By the method, when the mouse sweeps the text to be marked, the word pointed by the mouse can be highlighted in real time, so that a user does not need to read word by word, and the efficiency of manual marking is greatly improved.

Step 3.2: when the word pointed by the mouse needs to be labeled or the label needs to be modified, receiving the labeling operation of the user and endowing the word with a corresponding style.

Specifically, because the pre-labeling result is displayed, the system labels according to the recognition of the machine learning model, when the mouse is stroked, the word pointed by the mouse is judged, whether the labeling is needed or not or the labeling needs to be modified, and when the labeling is needed, the word is selected and labeled as the style of the label to which the word belongs.
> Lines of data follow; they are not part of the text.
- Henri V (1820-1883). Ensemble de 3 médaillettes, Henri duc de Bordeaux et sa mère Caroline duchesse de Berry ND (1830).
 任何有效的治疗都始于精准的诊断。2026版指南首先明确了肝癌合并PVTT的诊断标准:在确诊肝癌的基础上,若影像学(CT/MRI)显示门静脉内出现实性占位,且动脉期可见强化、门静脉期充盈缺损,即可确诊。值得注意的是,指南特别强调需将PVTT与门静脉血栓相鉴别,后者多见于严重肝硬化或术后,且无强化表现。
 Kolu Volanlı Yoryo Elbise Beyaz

And finally, the obtained labeling result after manual examination and correction is used for updating the parameters of the entity relationship extraction model in the step 2.

One or more embodiments above provide an intelligent labeling system and method for a chinese text, where after configuring an entity tag and a relationship tag, a user selects a data set to be labeled, an entity and relationship model, and a corresponding entity relationship extraction model when creating a labeling task, and then generates the labeling task. And intelligent labeling of entities and relations is realized in the process of generating a labeling task, and Chinese word segmentation is automatically identified through a VUE mouse event and a cascading style sheet to optimize user experience. And the entity and the relation can be flexibly marked manually through mouse click, and the intelligent marking result of the model is optimized. Meanwhile, on the premise of improving the marking accuracy, the data quality of the marked corpus is continuously improved. The corpus obtained by the labeling method can be subsequently used for constructing a knowledge graph, a machine learning model and the like.
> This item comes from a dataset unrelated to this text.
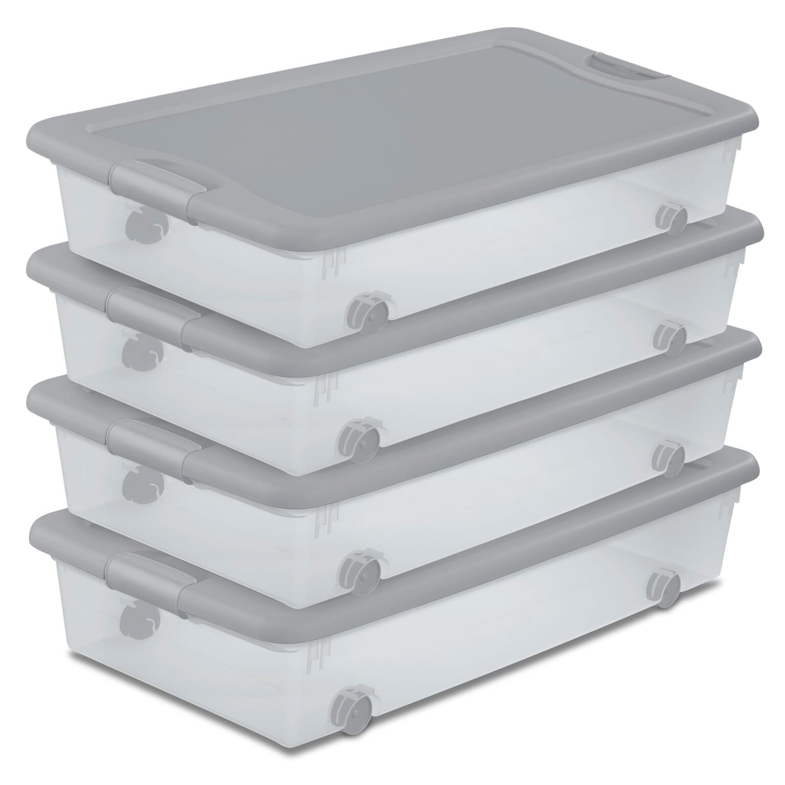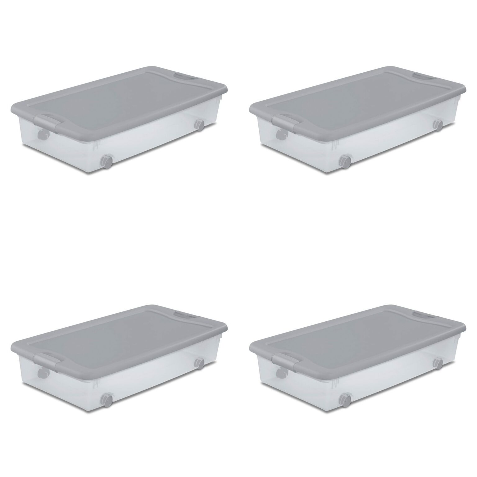 Sterilite 4-Pack 56 Quart Wheeled Latching Box, Underbed Plastic Storage Organizer, Silver – Under Bed Rolling Container Bin with Lid and Wheels for Home or Dorm Bedrooms and Closets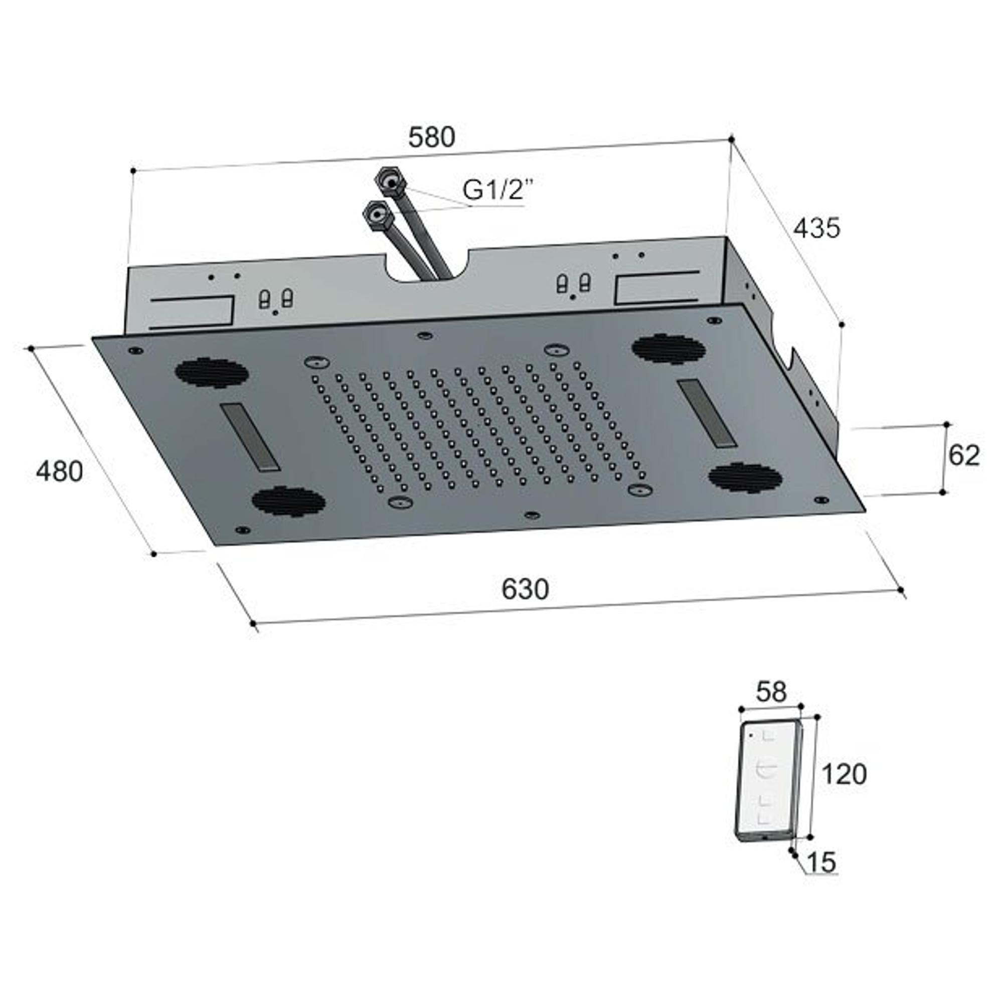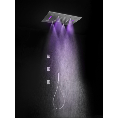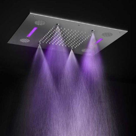 De hoofddouche is rechthoekig 48 bij 63 cm, heeft LED-verlichting met een bijbehorende afstandbediening. Voorzien van twee verschillende stortdouches, nevel. Inbouw inclusief frame.

Those skilled in the art will appreciate that the modules or steps of the present invention described above can be implemented using general purpose computer means, or alternatively, they can be implemented using program code that is executable by computing means, such that they are stored in memory means for execution by the computing means, or they are separately fabricated into individual integrated circuit modules, or multiple modules or steps of them are fabricated into a single integrated circuit module. The present invention is not limited to any specific combination of hardware and software.
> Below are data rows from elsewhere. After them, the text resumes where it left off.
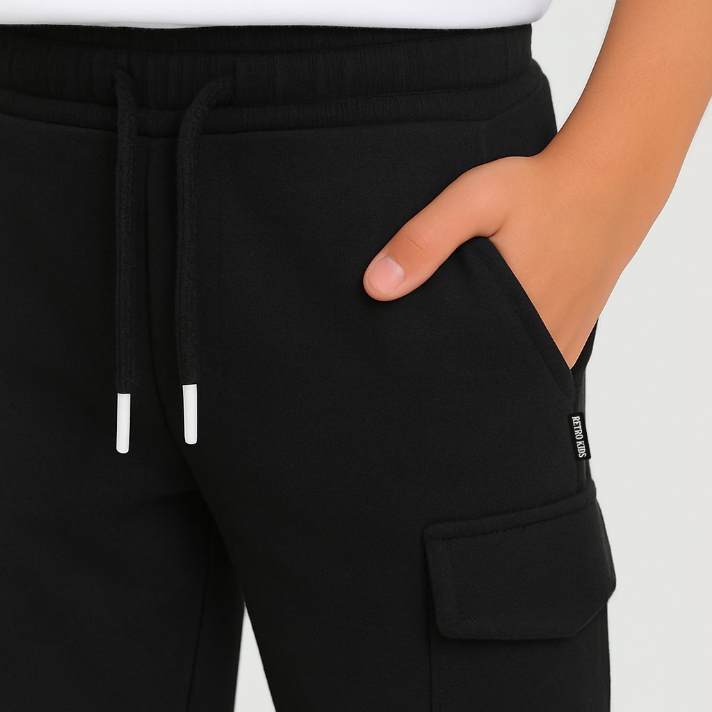 Bu eşofman altı, 4-12 yaş arası erkek çocuklarınızın hem okulda hem de günlük aktivitelerinde rahat ve şık bir stil sergilemesi için tasarlandı. Siyah rengi ve kargo cepleri sayesinde modern bir görünüm sunarken, yumuşak ve esnek kumaşı sayesinde gün boyu konfor sağlar. Paça kısımlarındaki lastik detayı, hareket özgürlüğünü artırır ve sportif bir hava katar.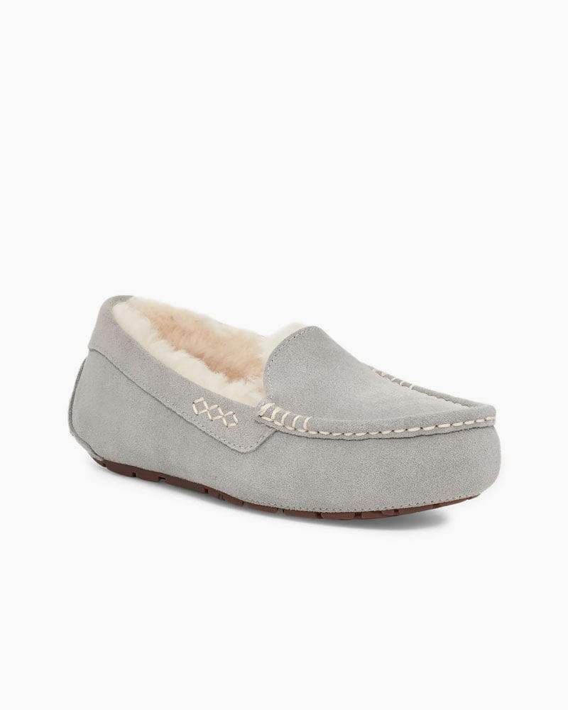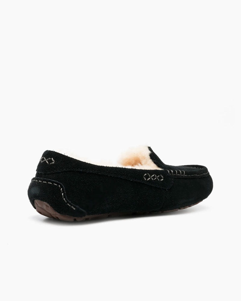 These suede loafers offer a sleek and stylish design with plush shearling lining for ultimate comfort. The flat rubber sole provides durability and traction, making them a versatile choice for everyday wear.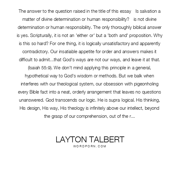 The answer to the question raised in the title of this essay - Is salvation a matter of divine determination or human responsibility? - is not divine determination or human responsibility. The only thoroughly biblical answer is yes. Scripturally, it is not an 'either-or' but a 'both-and' proposition. Why is this so hard? For one thing, it is logically unsatisfactory and apparently contradictory. Our insatiable appetite for order and answers makes it difficult to admit...that God's ways are not our ways, and leave it at that. (Isaiah 55:9). We don't mind applying this principle in a general, hypothetical way to God's wisdom or methods. But we balk when interferes with our theological system, our obsession with pigeonholing every Bible fact into a neat, orderly arrangement that leaves no questions unanswered. God transcends our logic. He is supra-logical. His thinking, His design, His way, His theology is infinitely above our intellect, beyond the grasp of our comprehension, out of the reach of our clever rationalizations. God is theo-logical. Man is anthropo-logical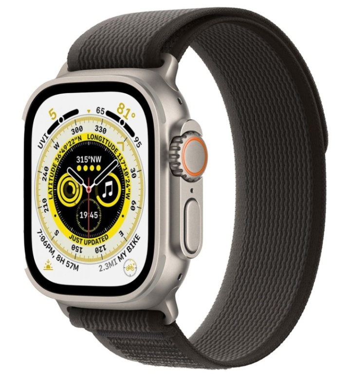 apple watch ultra cel+gps/ oxímetro 49mm/ mqf43ll/a -titanium black gray trail loop s/ m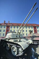 Im Museum für Luftverteidigung in Koszalin (Köslin) war Anfang September 2024 diese Flugabwehr-Selbstfahrlafette vom Typ ZSU-57-2 auf Basis eines modifizierten T-54-Panzers ausgestellt.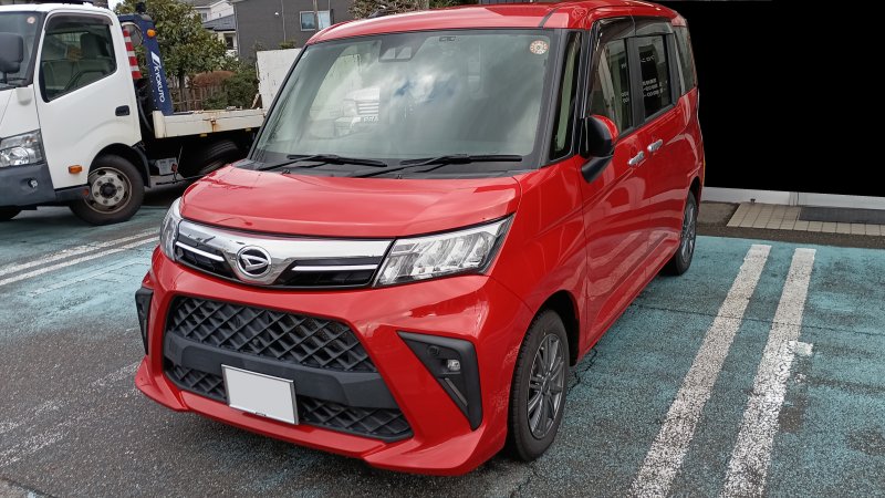 石川県 金沢市 車 ダイハツ タント フロントバンパー 傷 へこみ 割れ 新品 部品 交換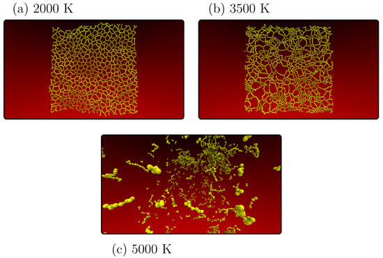 Figure 3c at 5000 K, we observe that the system has melted, resulting in multiple clusters comprising dispersed LACs scattered throughout the simulation box. At 7000 K, the system has transitioned into a gaseous state. See the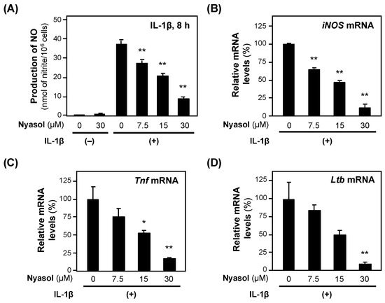 When (−)-nyasol was added to the medium of the rat hepatocytes together with IL-1β, the NO concentration decreased in a concentration-dependent manner without showing cytotoxicity, i.e., <5% of the activity of the whole-cell extract (Figure 4). The calculated IC50 value of (−)-nyasol for the suppression of NO production was 18.3 ± 2.99 μM. (−)-Nyasol significantly decreased the levels of iNOS mRNA. Furthermore, (−)-nyasol significantly reduced the levels of mRNAs encoded by proinflammatory genes, such as tumor necrosis factor α (Tnf) and lymphotoxin β (Ltb) mRNAs (Figure 4).

The above description is only a preferred embodiment of the present invention and is not intended to limit the present invention, and various modifications and changes may be made by those skilled in the art. Any modification, equivalent replacement, or improvement made within the spirit and principle of the present invention should be included in the protection scope of the present invention.

Claims

1. An intelligent labeling method for Chinese texts is characterized by comprising the following steps:

acquiring a data set to be marked, an entity to be marked and a relation label;

2. The intelligent labeling method for the chinese text as claimed in claim 1, wherein after obtaining the pre-labeling result, displaying the pre-labeling result, specifically comprising:

3. The intelligent labeling method for chinese text as claimed in claim 2, wherein receiving user modifications to the pre-labeling results comprises:

4. The intelligent labeling method for the chinese text as claimed in claim 3, wherein the real-time differential display of the words pointed by the mouse comprises:

5. A client connected to a server, comprising:

6. The client of claim 5, wherein the displaying the pre-labeling result in the manual labeling module comprises:

7. The client of claim 6, wherein the receiving, in the manual annotation module, the user's modification to the pre-annotation result comprises:

8. The client of claim 7, wherein the real-time differential display of the words pointed by the mouse comprises:

9. A server connected to the client according to any one of claims 5 to 8, comprising:

10. An intelligent annotation system for chinese text, comprising a client according to any one of claims 5 to 8 and a server according to claim 9.